1

I have the following minimization problem, where I want to find W, \begin{align} &\min \mathrm{tr} (((W^TK)\circ(W^TK))^T((W^TK)\circ(W^TK))L)\\ &\text{s.t.} ~ W^TKHKW = I \end{align} where $\circ$ means the Hadamard product,and the L ,H and K are both semi-positive definite and symmetric. By taking the derivative of the objective function with respect to W and using the Lagrange multiplier, I get the following formula \begin{align} &2K[[L((KW)\circ(KW))]\circ(KW)]=KHKW\phi \end{align} where the $\phi$ is the Lagrange multiplier.Then, I don't know how to go on.Or is it impossible to find the W I want? I'd really appreciate it for any help.

gouchuan
  • 11
  • 3
  • Optimization problems like this, if I didn't know how to solve them, maybe I could just use the solver to find a solution, but in that case, is this derivative that I'm taking useless?Or what can I do with this derivative information if I don't know how to solve it, Thank you for your advice – gouchuan Jan 25 '23 at 14:29

1 Answers1

1

$ \def\LR#1{\left(#1\right)} \def\op#1{\operatorname{#1}} \def\vc#1{\op{vec}\LR{#1}} \def\unvc#1{\op{unvec}\LR{#1}} \def\trace#1{\op{Tr}\LR{#1}} \def\qiq{\quad\implies\quad} \def\o{{\tt1}} \def\p{\partial} \def\l{\lambda} \def\grad#1#2{\frac{\p #1}{\p #2}} \def\c#1{\color{red}{#1}} \def\B{B^{-1}} $Define the following matrix variables in terms of $(H,K,L)$ $$\eqalign{ X &= KW &\qiq X^T = W^TK \\ Y &= X\odot X &\qiq Y^T = X^T\odot X^T \\ H &= C^TC &\qiq \big\{{\rm Cholesky}\big\} \\ Z &= CX &\qiq X = C^{-1}Z \\ }$$ Starting with an unconstrained matrix $U$, construct the semi-orthogonal matrix $Z$ $$\eqalign{ B &= B^T = \LR{U^TU}^{1/2} \\ Z &= U\B \qiq &Z^TZ &= \B U^TU B^{-1} = \B B^2 \B = I \\ && &\doteq X^TC^TCX = W^TKHKW \\ }$$

Now calculate differentials with respect to the unconstrained variable $$\eqalign{ B^2 &= U^TU \\ B\,dB+dB\,B &= U^TdU+dU^TU \\ (I\otimes B+B\otimes I)\,db &= \LR{I\otimes U^T+(U^T\otimes I)M}du \\ db &= P\,du \\ \\ Z &= UB^{-1} \\ dZ &= dU\,\B - UB^{-1}dB\,\B \\ &= dU\,\B - Z\,dB\,\B \\ dz &= \LR{\B\otimes I)\,du \;-\; (\B\otimes Z}\,\c{db} \\ &= \LR{(\B\otimes I) - (\B\otimes Z)\c{P}}\,\c{du} \\ &= Q\,du \\ \\ X &= C^{-1}Z \\ dX &= C^{-1}dZ \\ dx &= \LR{I\otimes C^{-1}}\c{dz} \\ &= \LR{I\otimes C^{-1}}\c{Q\,du} \\ }$$ where $M$ is the Commutation Matrix associated with the vectorization of matrix equations.

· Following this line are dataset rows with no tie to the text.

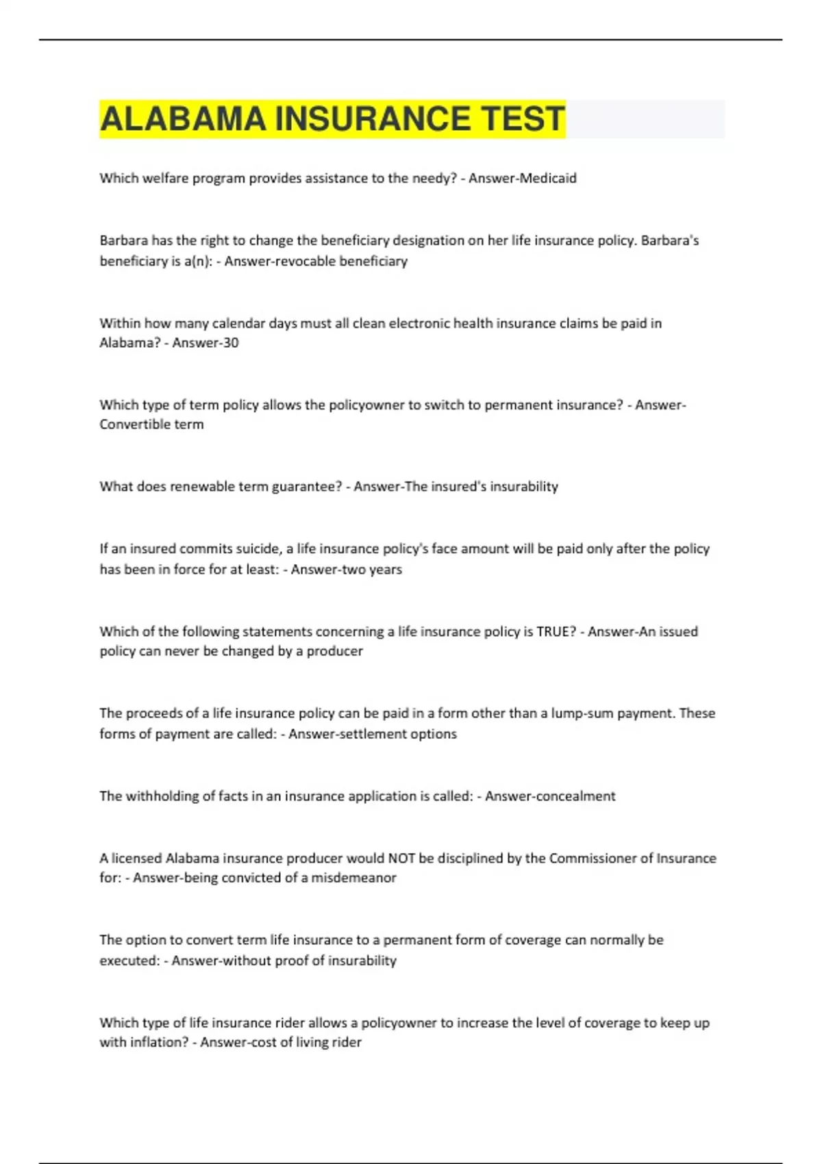 Which welfare program provides assistance to the needy? - Answer-Medicaid Barbara has the right to change the beneficiary designation on her life insurance policy. Barbara's beneficiary is a(n): - Answer-revocable beneficiary Within how many calendar days must all clean electronic health insurance claims be paid in Alabama? - Answer-30 Which type of term policy allows the policyowner to switch to permanent insurance? - AnswerConvertible term What does renewable term guarantee? - Answer-The insured's insurability If an insured commits suicide, a life insurance policy's face amount will be paid only after the policy has been in force for at least: - Answer-two years Which of the following statements concerning a life insurance policy is TRUE? - Answer-An issued policy can never be changed by a producer The proceeds of a life insurance policy can be paid in a form other than a lump-sum payment. These forms of payment are called: - Answer-settlement options The withholding of facts in an insurance application is called: - Answer-concealment A licensed Alabama insurance producer would NOT be disciplined by the Commissioner of Insurance for: - Answer-being convicted of a misdemeanor The option to convert term life insurance to a permanent form of coverage can normally be executed: - Answer-without proof of insurability Which type of life insurance rider allows a policyowner to increase the level of coverage to keep up with inflation? - Answer-cost of living riderWhat is the minimum age requirement for a minor in Alabama to purchase a life insurance policy? - Answer-15 Which of the following best describes a Health Maintenance Organization (HMO)? - Answer-Provides full medical services that stress preventative medicine Medicare Advantage (Medicare Part C) allows the utilization of benefits through a(n): - AnswerHMO, PPO, or traditional insurer
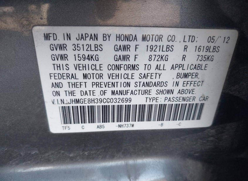 - VIN: JHMGE8H39CC032699
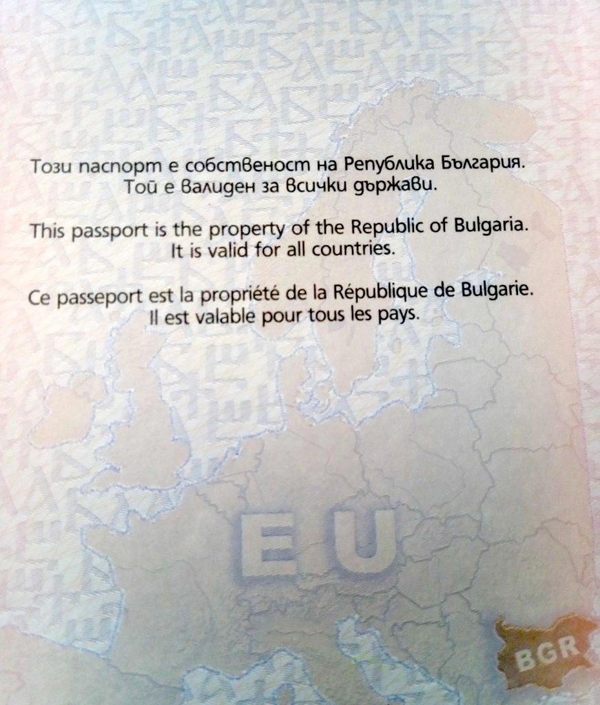 За сравнение ето какъв е текстът изписан на гърба на корицата на дипломатическите паспорти:
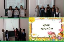 С целью формирования представлений учащихся о Родине, как великой многонациональной державе; воспитания любви к Родине, дружеского и уважительного отношения к представителям других национальностей 09.03.2017г был проведён «Урок дружбы» - «Наше многонациональное государство». Ребята узнали, что по данным переписи населения, которая проходила в 2010 году в России зарегистрировано 194 национальности. У каждого народа своя культура, свои традиции и обычаи, свой национальный язык.
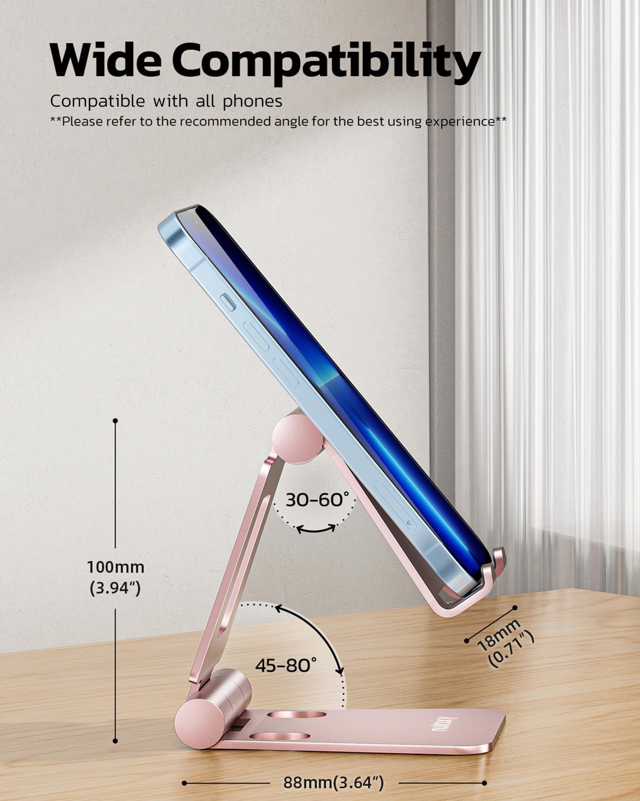 - מתכוונן ונייד: עריסת הטלפון מתקפלת לחלוטין, ניתן לכוונן אותה בקלות למיקום אידיאלי, וזהו אביזר שולחן טוב בזמן צפייה בוידאו, משחקי וידאו, ביצוע שיחות טלפון, צפייה במתכונים, שימוש ב-FaceTime.
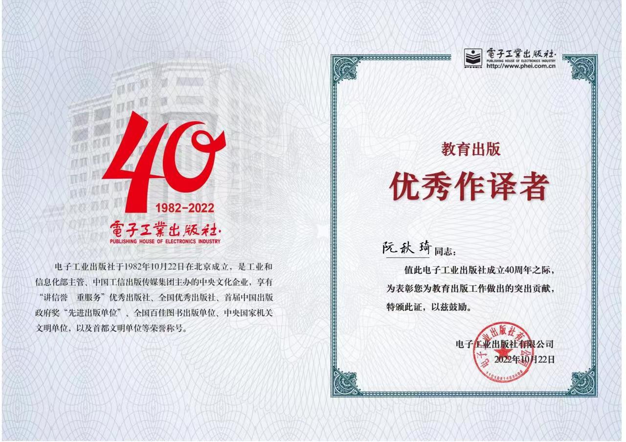 2022年10月,在电子工业出版社成立40周年之际,av影片 阮秋琦教授荣获电子工业出版社优秀作译者殊荣。
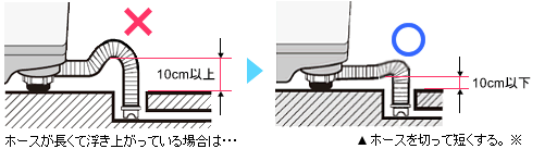 排水ホースの一番高い個所が10cm以下であれば、排水ホースは正常に設置されています。
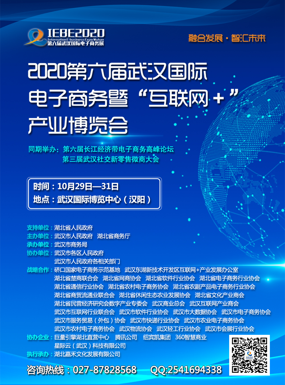 10月29日—31日,由湖北省人民政府支持,武漢市人民政府、湖北省商務廳聯合主辦,武漢市商務局承辦的2020第六屆武漢國際電子商務暨“互聯網+”產業博覽會(以下簡稱武漢電博會)將在武漢國際博覽中心隆重舉行。
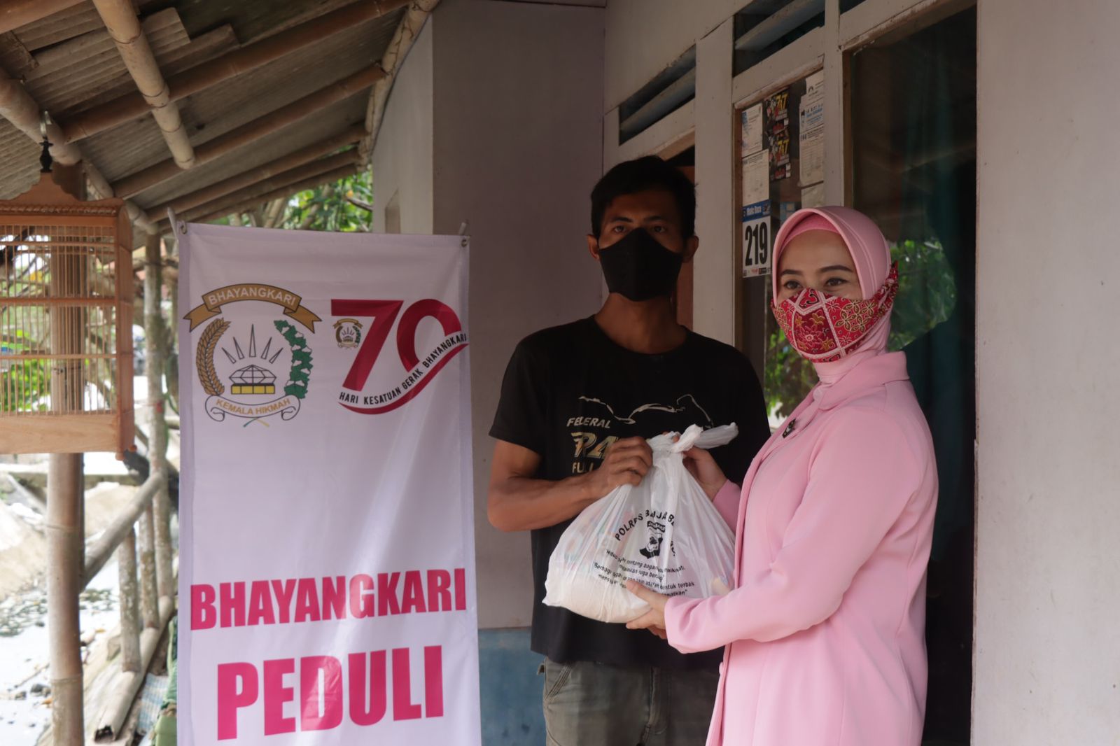 Dalam pembagian bingkisan paket sembako tersebut dihadiri Kapolres Banjar, Ketua Bhayangkari Cabang Banjar, Kanit Regident Satlantas Polres Banjar, KBO SatBinmas Polres Banjar, Bhabinkamtibmas Desa Mekarharja, perwakilan anggotw Polwan Polres Banjar, dan Bina Desa Desa Mekarharja.
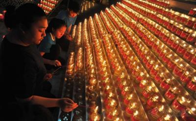 Penyalaan Api Pelita Waisak di Vihara Buddha Dharma Kuta Bali

Finally, calculate the gradient of the objective function $$\eqalign{ \phi &= \trace{YY^TL} \\ &= L:YY^T \\ d\phi &= L : \LR{dY\,Y^T+Y\,dY^T} \\ &= 2L : dY\,Y^T \\ &= 2LY : dY \\ &= 2LY : \LR{2X\odot dX} \\ &= 4\LR{X\odot LY} : dX \\ &= 4\c{\vc{X\odot LY}} : dx \\ &= 4\:\c{v} : dx \\ &= 4\:v : \LR{I\otimes C^{-1}}Q\,du \\ &= 4\:Q^T\LR{I\otimes C^{-1}}^Tv : du \\ \grad{\phi}{u} &= 4\:Q^T\LR{I\otimes C^{-1}}^Tv \\ }$$ Using this gradient, you can attempt a closed-form solution for the zero gradient condition, or you can use the gradient expression in a gradient descent algorithm. The former is so complicated that it is likely impossible, while the latter is very simple.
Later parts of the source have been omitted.